The Vagabond Adventure Daily Journal
Where Are We Now?
Good to see you! Hope you’re enjoying the journey!
This journal provides you snapshots of our journey as we work our way around the world, never traveling by jet. It’s a chance to get a close-up view of the planet as we explore it the way people did 120 years ago.
Day 594 To Copenhagen, Denmark
I have little memory and fewer notes about our train to Copenhagen. I can only say it rolled Cyndy and me across roughly 225 miles of northern Europe for 7 hours. That doesn't sound fast, but it felt that way.
Once we arrived, we settled into our comfortable hotel, the Grand Joanne, only a few hundred feet from the Copenhagen train station, ate dinner at the hotel restaurant while we got our feet on the ground, and enjoyed the remainder of the evening doing absolutely nothing.
Day 593 Garmisch-Partenkirchen to Berlin
The Wall was a horrifying example of political suppression. I felt a sadness for Germany. Its people have been through so much. We think of Europe as stable and united; old in our North American terms. Historically this is true. But politically in many ways, the United States has been fixed longer than Europe. Germany did not exist as a nation until the 1870s. It suffered through wars and uprisings in 1871 (France), 1914 (World War I), 1939 (World War II) and was not fully reunited after World War II until 1989 when the Soviet Union collapsed and the Wall came down. It was such a powerful symbol of freedom and I remembered that Molly, my oldest daughter was in the womb at the time. "You'll be entering a finer world," I remember whispering to her. But it turns out not to be that simple.
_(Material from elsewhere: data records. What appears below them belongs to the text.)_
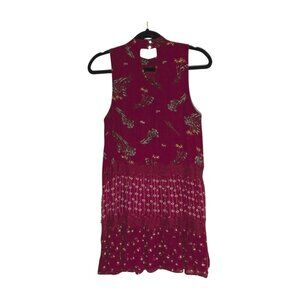 Love Fire Women's Sleeveless Tiered Mini Dress High Neck Red/Burgundy Print Size Small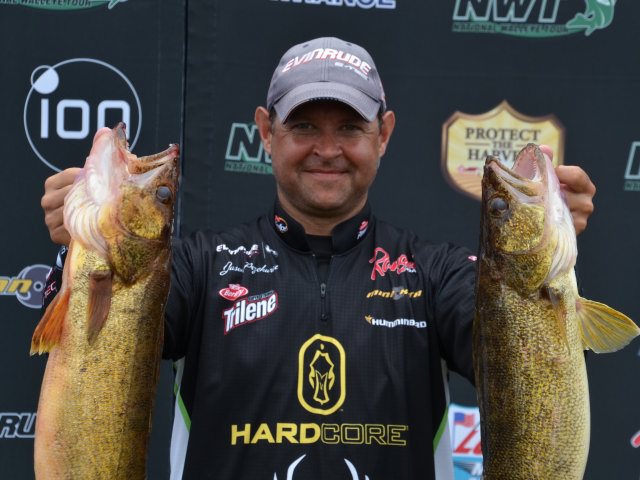 Location: Rhinelander | Keith Kavajecz smoked 'em using a technique that is 'neither spinners or cranks' taking over first place with 27.80, about as nice a limit as one can ask for with the slot limit on the Bays. Over all the bite was very good, eclipsing the dire predictions. Most of the pros said it was because of the near perfect weather for the bite, even though they beat up gear and body running 6' seas.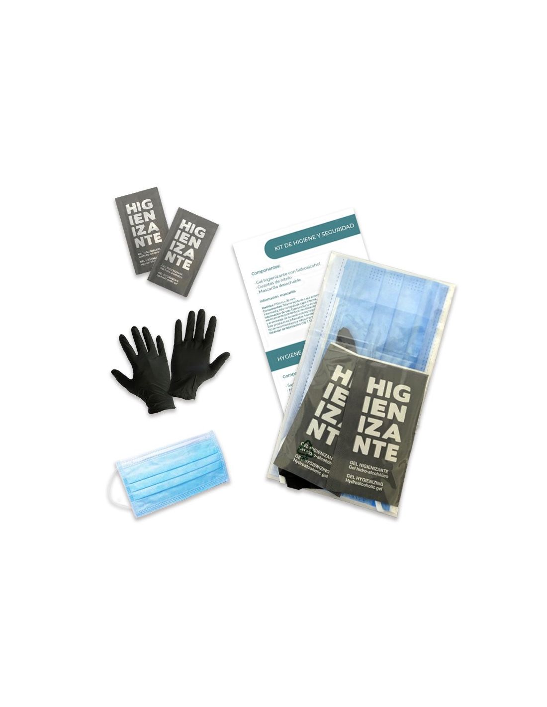 El kit esta compuesto por una mascarilla quirúrgica de triple capa y con certificado CE, un par de guantes de nitrilo y 2 sobres de gel higienizante con hidroalcohol.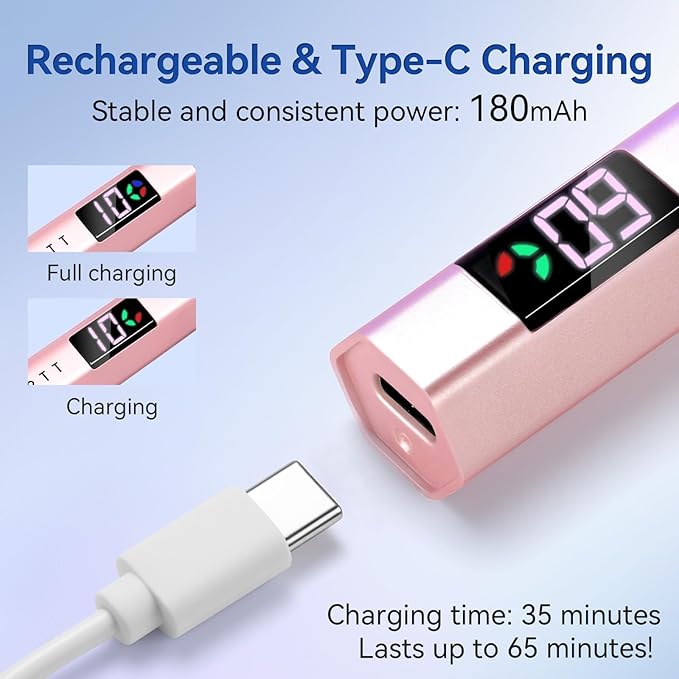 - Rechargeable with LCD Display: Equipped with a built-in rechargeable battery and convenient USB charging cable, this nail lamp offers up to 65 minutes of use after a quick 35-minute charge. The LCD screen clearly displays countdown time and power level, helping you track mode changes easily and confidently.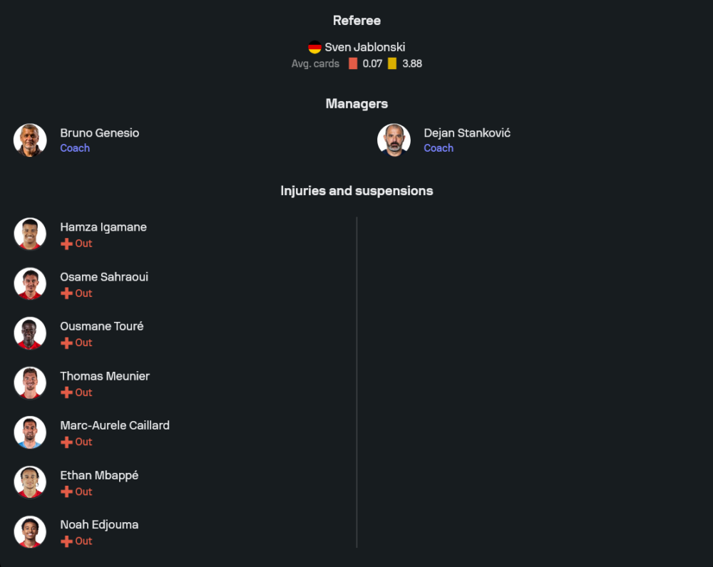 ลีลล์ของบรูโน่ เจเนซิโอ ต้องรับมือกับปัญหาความต่อเนื่องในลีกที่สะดุดหนัก ช่วงหลังพวกเขาทำแต้มหล่นต่อเนื่องในเกมลีกเอิงหลายแมตช์ติด และชัยชนะเหนือไฟร์บวร์กคือหนึ่งในโมเมนตัมเชิงบวกที่ช่วยประคองอารมณ์ทีมก่อนเข้าสู่น็อกเอาต์ ข่าวร้ายคือรายชื่อเจ็บและสภาพไม่สมบูรณ์ยาวเป็นหางว่าว ไม่ว่าจะเป็น ฮัมซ่า อิกามาน, โอซาม ซาห์ราอุย, อุสมาน ตูเร่, โธมัส เมอนิเยร์, มาร์ก-โอเรล กายาร์, อีธาน เอ็มบัปเป้ และ โนอาห์ เอดชูม่า ทำให้การโรเตชั่นแทบไม่มีพื้นที่ให้ลองผิดลองถูก

Day 592 Garmisch-Partenkirchen and Dachau
We drove out of the Black Forest toward Garmisch-Partenkirchen. This took us toward the southeast corner of Germany, through farm after farm, vineyards, and great patches of green so verdant it felt as though a carpet had been laid there. In between lay large patches of brilliant yellow flowers growing more canola oil. This was the view for two hours, and then far away, we could see the white edges of the alps.
Day 588 The Black Forest
The Black Forest is legendary in the Western Psyche, home to Grimm's Fairy Tales, the Disney stories it expropriated (Snow White, Sleeping Beauty, Little Red Riding Hood), and Cuckoo Clocks. A place of surpassing and haunting beauty and many a scary story cooked up during a medieval period rife with superstition.
Day 586 Baden-Baden
Baden means bathing in German. The town developed its double name because there are so many other Badens in its neck of the woods, particularly ones in Switzerland and Austria. So in 1931 the citizens decided to distinguish it by doubling up on its name.
The town's history dates back to Roman baths created 1800 years ago, at least partly to help Emperor Marcus Aurelius soak his arthritic bones.
Day 584 Zermatt to Germany
The next morning we said good by to Zermatt and the Matterhorn's snaggled tooth. It wasn't easy. I could've stayed there for days, absorbing the majesty of the place, it's steep, sloping, utterly green meadows topped by tree filled mountains that ran to rock and then snow, and then the saw-toothed massifs so high above.